A partial payroll tax holiday should boost spending a bit, but it won’t leave the economy in a partying mood.
The tax deal reached Monday by the White House and congressional Republicans would cut worker payroll tax contributions by about a third. The White House said the arrangement will put more money in workers’ pockets at a time when there is considerable concern about weak demand for goods and services undermining a fragile recovery.
But while any measure that is apt to boost spending wins support nowadays – after all, Fed chief Ben Bernanke has been prodding political leaders to take actions that will both support the economy now and restore fiscal balance in coming years – some experts say the payroll tax cut isn’t the perfect stimulus measure.
The Obama-Republican payroll tax holiday will cost $120 billion, which is “worth about twice as much” as the Making Work Pay tax credit will replace, says Roberton Williams of the Tax Policy Center.
But those goodies, like so much in the latest plan, are “skewed toward higher income,” he adds.
That’s bad, he says, because high earners are apt to save any added income, while those low on the wage scale tend to spend it out of necessity.
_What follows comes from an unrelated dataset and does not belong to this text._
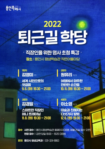 시 관계자는 “낮 시간대 강연 참여가 어려운 직장인 및 용인시민들이 퇴근길 학당을 통해 지친 생활 속 ‘저녁 문화가 있는 삶’을 누리는 계기가 되길 바란다”고 말했다.

The payroll holiday will deliver windfalls of $4,000 or more for couples with income above $220,000, Roberton said, compared with the zilch they were receiving under the Making Work Pay program. The poor, meanwhile, will get less than they were receiving under Making Work Pay, he said.
A similar case against payroll tax holidays as a stimulus measure was outlined in a 2009 paper issued by the left-leaning Center for Budget Policies and Priorities.
One way to deal with that would be to set a cap on the income level at which the payroll tax holiday applies; another, aiming at more stimulus, would give workers a holiday on their entire payroll tax contribution. But the latter move would triple the cost of the maneuver.
Besides, such approaches wouldn’t play well with Republicans, whose tax-cutting priorities lie elsewhere.